With respect to anonymization techniques, this is the most suitable definition. We had a similar discussion about the definition of unlikability a while ago, I suggested using the terminology of ISO/IEC 15408-2 (http://lists.w3.org/Archives/Public/public-tracking/2012Nov/0255.html). 

>The Article 29 definition of linkability is simply wrong: it seems to be entirely misinformed about what that term means with regard to data protection. Maybe that's why we are calling it de-identification instead.

Again with respect to anonymization this is the definition provided by ISO/IEC 15408-2.  If you have a different definition which is more widely used, please provide a link to it.

> You are trying to prevent identifying a user via data correlation and have construed the definition as if that is all that matters. As a side-effect, you are preventing normal operation of a site
in terms of evaluating which user agent software doesn't work well,or where to place UI elements in a window, or what sets of content lead to a conversion (as opposed to boredom or leaving the site).

I don’t think how this would happened in a *third party* context. In a first party context this would be allowed so I’m not sure I would prevent any normal operation.


>My proposed text says that the dataset is de-identified when it cannot be used to identify a particular user.  How it might be used to do so is irrelevant -- any mechanism applies, including data correlation.

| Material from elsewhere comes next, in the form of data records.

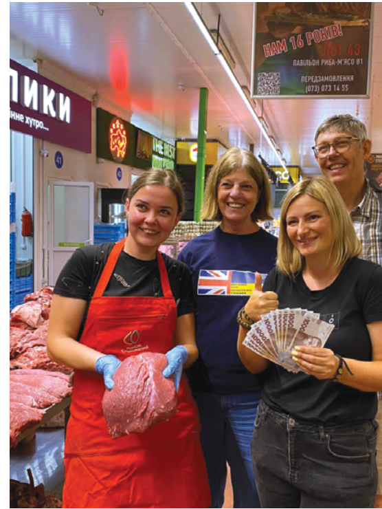
Buying food in Kyiv, September 2024

In early December we were able to send out 18 pallets of donated goods, far more than we anticipated and certainly our largest delivery so far. Many individuals and organisations contributed, but
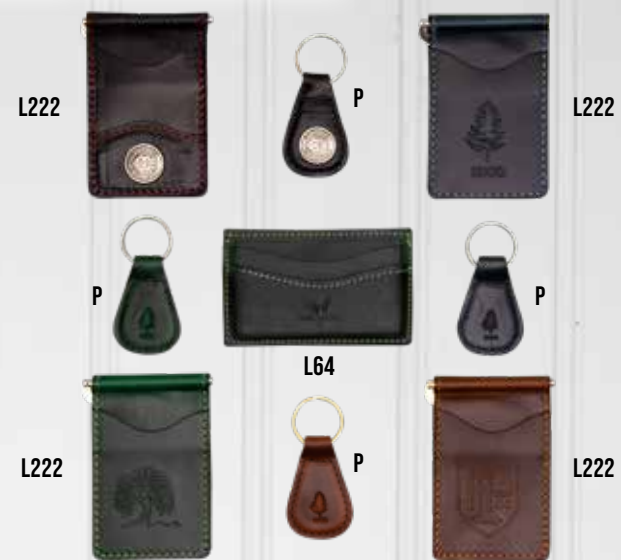
York Leather (Black, Navy, Green and Tan))
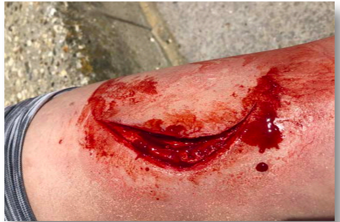
Wound 16: 4 inch wound with skin flap
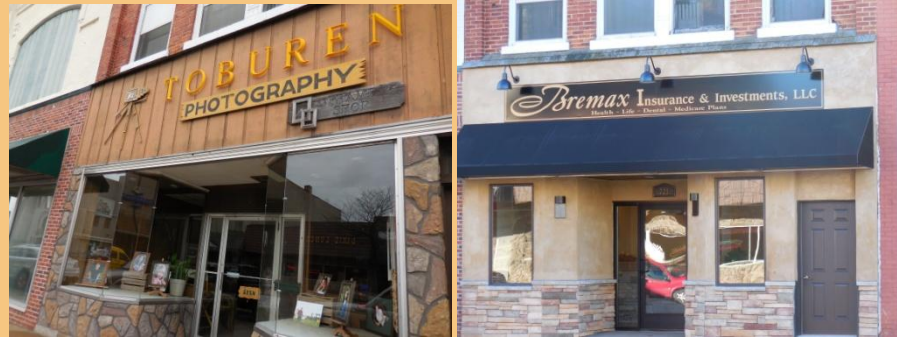
Downtown Entrepreneur Grant Project

How do you practically evaluate that? You cannot provide a method to de-identify data with a high level of confidence. It is not enforceable. This definition does not provide any guarantee to the user that, in practice, he cannot be identified he has to rely on the statement. From a data-controller point of view you would have to constantly re-evaluate if the dataset is de-identified.

Vincent

Received on Saturday, 19 July 2014 14:32:00 UTC